Here’s what the output looks like on the command line:

nrel-105-184:blog_python_code johnfield$ python daycent_analysis.py
This is your script’s ‘docstring’, a place to write a general
description of what your code does, for example:
This script analyzes a set of DayCent .lis file output, computes
average rates of change in soils carbon, plots all results, and
archives all results and associated meta-data.

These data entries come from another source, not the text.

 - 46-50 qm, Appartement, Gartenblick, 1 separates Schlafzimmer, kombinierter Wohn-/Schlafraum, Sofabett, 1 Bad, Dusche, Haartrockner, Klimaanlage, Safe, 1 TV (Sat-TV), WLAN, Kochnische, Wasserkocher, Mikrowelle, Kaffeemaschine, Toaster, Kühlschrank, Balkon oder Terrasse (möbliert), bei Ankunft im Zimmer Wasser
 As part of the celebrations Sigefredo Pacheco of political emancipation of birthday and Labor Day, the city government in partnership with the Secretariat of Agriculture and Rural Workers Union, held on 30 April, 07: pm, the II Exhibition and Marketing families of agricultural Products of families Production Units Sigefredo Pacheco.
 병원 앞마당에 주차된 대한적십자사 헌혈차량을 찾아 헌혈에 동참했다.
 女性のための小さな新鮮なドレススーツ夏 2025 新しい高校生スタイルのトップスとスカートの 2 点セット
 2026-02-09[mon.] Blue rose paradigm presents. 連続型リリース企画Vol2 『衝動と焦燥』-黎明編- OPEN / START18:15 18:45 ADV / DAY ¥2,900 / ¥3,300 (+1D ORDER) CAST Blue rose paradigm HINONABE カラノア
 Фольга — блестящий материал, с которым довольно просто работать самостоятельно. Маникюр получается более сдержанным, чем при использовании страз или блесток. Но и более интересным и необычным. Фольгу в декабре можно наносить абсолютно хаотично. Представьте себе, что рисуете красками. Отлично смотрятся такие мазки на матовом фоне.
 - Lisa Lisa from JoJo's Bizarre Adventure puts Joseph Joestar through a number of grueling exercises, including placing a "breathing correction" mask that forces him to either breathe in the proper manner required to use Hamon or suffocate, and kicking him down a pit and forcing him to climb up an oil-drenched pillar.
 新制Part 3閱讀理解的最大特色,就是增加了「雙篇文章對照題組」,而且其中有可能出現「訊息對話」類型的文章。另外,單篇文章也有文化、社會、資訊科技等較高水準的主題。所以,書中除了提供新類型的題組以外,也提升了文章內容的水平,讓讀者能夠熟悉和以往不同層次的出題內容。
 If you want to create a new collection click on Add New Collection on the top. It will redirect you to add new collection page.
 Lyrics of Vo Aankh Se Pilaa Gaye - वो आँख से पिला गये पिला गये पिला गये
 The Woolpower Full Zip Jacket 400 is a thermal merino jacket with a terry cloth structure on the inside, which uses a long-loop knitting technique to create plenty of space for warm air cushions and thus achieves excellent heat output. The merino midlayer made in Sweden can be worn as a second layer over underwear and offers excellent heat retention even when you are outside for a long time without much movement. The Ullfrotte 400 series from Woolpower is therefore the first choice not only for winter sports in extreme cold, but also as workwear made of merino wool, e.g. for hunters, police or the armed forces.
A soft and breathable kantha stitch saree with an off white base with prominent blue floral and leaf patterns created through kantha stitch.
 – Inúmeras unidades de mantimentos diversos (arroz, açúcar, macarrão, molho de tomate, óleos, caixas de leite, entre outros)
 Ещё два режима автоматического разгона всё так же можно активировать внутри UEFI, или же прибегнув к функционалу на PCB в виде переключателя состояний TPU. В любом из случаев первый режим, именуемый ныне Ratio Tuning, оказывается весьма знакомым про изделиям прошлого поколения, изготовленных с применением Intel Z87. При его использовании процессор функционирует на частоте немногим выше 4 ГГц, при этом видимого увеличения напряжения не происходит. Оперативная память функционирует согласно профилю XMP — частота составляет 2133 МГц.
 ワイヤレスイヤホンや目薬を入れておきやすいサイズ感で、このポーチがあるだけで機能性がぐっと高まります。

Please enter the file path to your data: ./DayCent_output
graze_C_bioenergy.lis average rate of SOC change:  -27.5594 gC/y
graze_SiL_bioenergy.lis average rate of SOC change:  -44.5013 gC/y
graze_SL_bioenergy.lis average rate of SOC change:  -25.9306 gC/y
till_C_bioenergy.lis average rate of SOC change:  19.5517 gC/y
till_SiL_bioenergy.lis average rate of SOC change:  15.1144 gC/y
till_SL_bioenergy.lis average rate of SOC change:  8.23603 gC/y

nrel-105-184:blog_python_code johnfield$

And here’s the resulting figure:

Yup, you should definitely be cultivating your bioenergy feedstocks on previously-cropped lands, rather than converting rangeland...

Yup, you should definitely be cultivating your bioenergy feedstocks on previously-cropped lands, rather than converting rangeland…

So there you have it:  easy, repeatable, self-documenting data analysis including a figure in less than 130 lines of code (and most of those are comments)!

10 comments

  1. Melannie Hartman

    Thanks John! Your post is timely. Just this afternoon I started looking into using SciPy to process NetCDF files. But I didn’t quite know where to start. This helps a lot!

    • Atanga

      Hi Melannie. This script is very helpful but after a while trying to adopt it for my daycent .lis files, it does not work for me. I have no prior experience in the python language and I am using python 3.5. I have tried the script in both python 2.7 and 3.5 in vain. Please help me out.

  2. Pingback: EcoPress guest post on basic data analysis in Python | Energy and the Future

  3. Tanga

    am getting this message from using this code. Can some one help?
    print __doc__
    ^
    SyntaxError: Missing parentheses in call to ‘print’

  4. Atanga

    I have been trying to adopt this script for my daycent .lis output files for sometime now in vain. Please can you help me out? I am using python 3.5 and I have no prior programming language experience. This script helps me a lot to understand the language faster. Hoping for your kind reply.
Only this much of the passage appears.